Skip to content

Week 10 - torch.compile, TorchDynamo, Inductor

10.1 Conceptual Core

  • torch.compile (PyTorch 2.0+) is a JIT compiler that captures Python+PyTorch into a graph and compiles it to optimized kernels. The pipeline:
  • TorchDynamo-Python frame evaluation hook; captures bytecode into FX graphs, handles graph breaks for unsupported ops.
  • AOTAutograd-runs both forward and backward through Dynamo, partitions into a joint graph, decomposes high-level ops into a small "core ATen" set.
  • Inductor-the default backend. Lowers the FX graph to Triton kernels (for CUDA) or C++/OpenMP (for CPU). Schedules with kernel fusion.
  • The user-visible promise: ~30-50% speedup on training, more for inference, with one decorator. The reality: graph breaks and silent fallbacks make this a discipline, not a free lunch.

10.2 Mechanical Detail

  • Graph breaks: any operation Dynamo can't trace falls back to eager. Common causes: data-dependent control flow on tensor values, print, custom Python objects, certain if patterns.
  • `torch._dynamo.explain(model)(input) - shows graph breaks with reasons.
  • `TORCH_COMPILE_DEBUG=1 - dumps every stage of compilation. Massive output; useful when debugging perf regressions.
  • Inductor codegen: TORCH_LOGS=output_code shows the generated Triton kernels. Read these-they're surprisingly readable and often reveal optimization opportunities you can replicate by hand.
  • Modes: mode="reduce-overhead" (CUDA graphs), mode="max-autotune" (heavy autotuning), default. Choose for the workload.
  • Caching: compiled artifacts cached in ~/.cache/torch_inductor. First run is slow; subsequent calls are fast.

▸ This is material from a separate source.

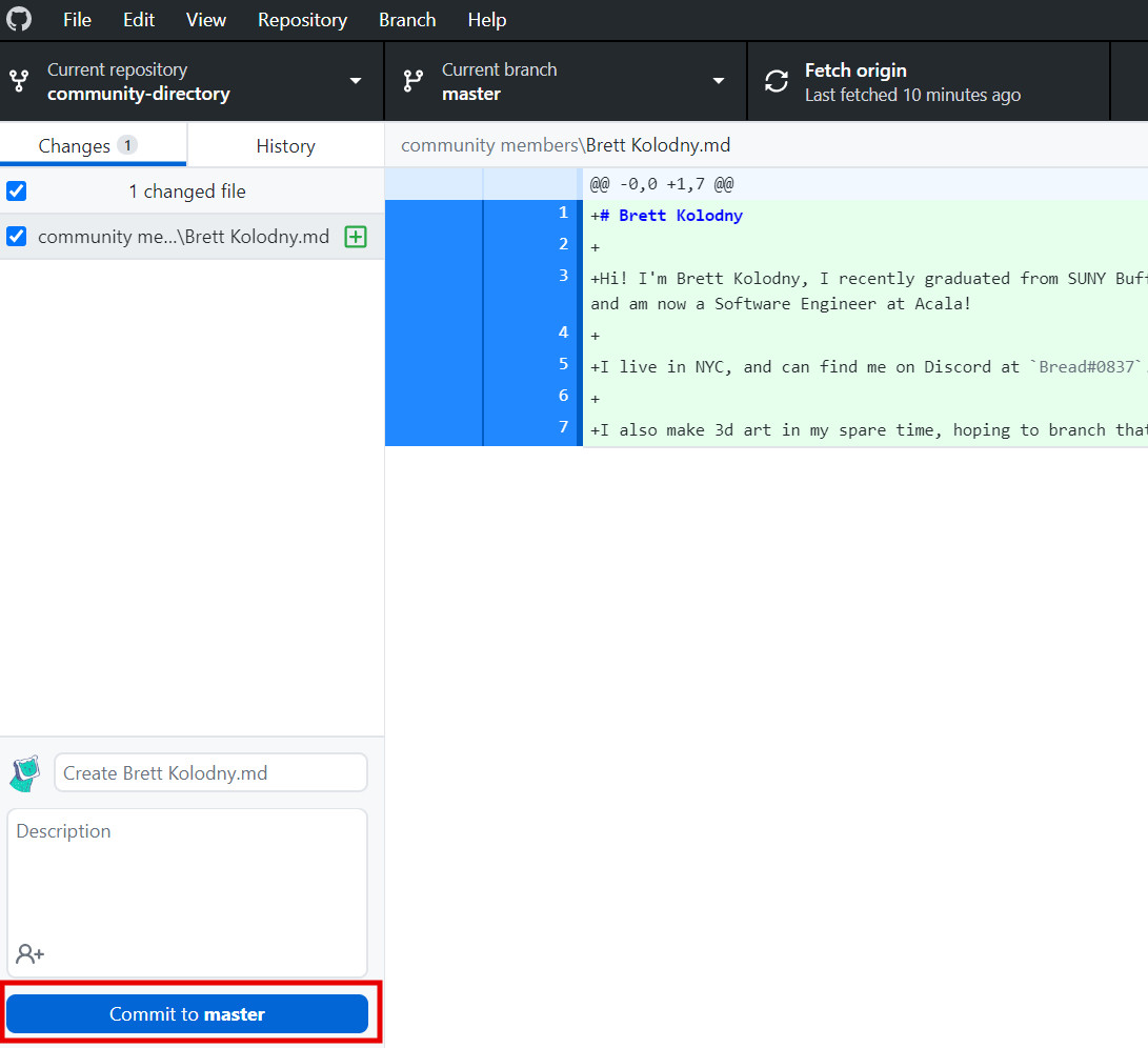 You have now added content to your fork and are ready to have your new file incorporated into the original repository!

10.3 Lab-"Compile and Compare"

Take your honest-training-loop from Month 1. Add model = torch.compile(model). Measure: 1. First-step time (compilation cost). 2. Steady-state step time vs uncompiled. 3. With TORCH_LOGS="recompiles": how many recompilations occurred? Why? 4. With mode="max-autotune": extra speed vs default? Worth the compile time?

Triage any graph breaks; report in COMPILE_LOG.md.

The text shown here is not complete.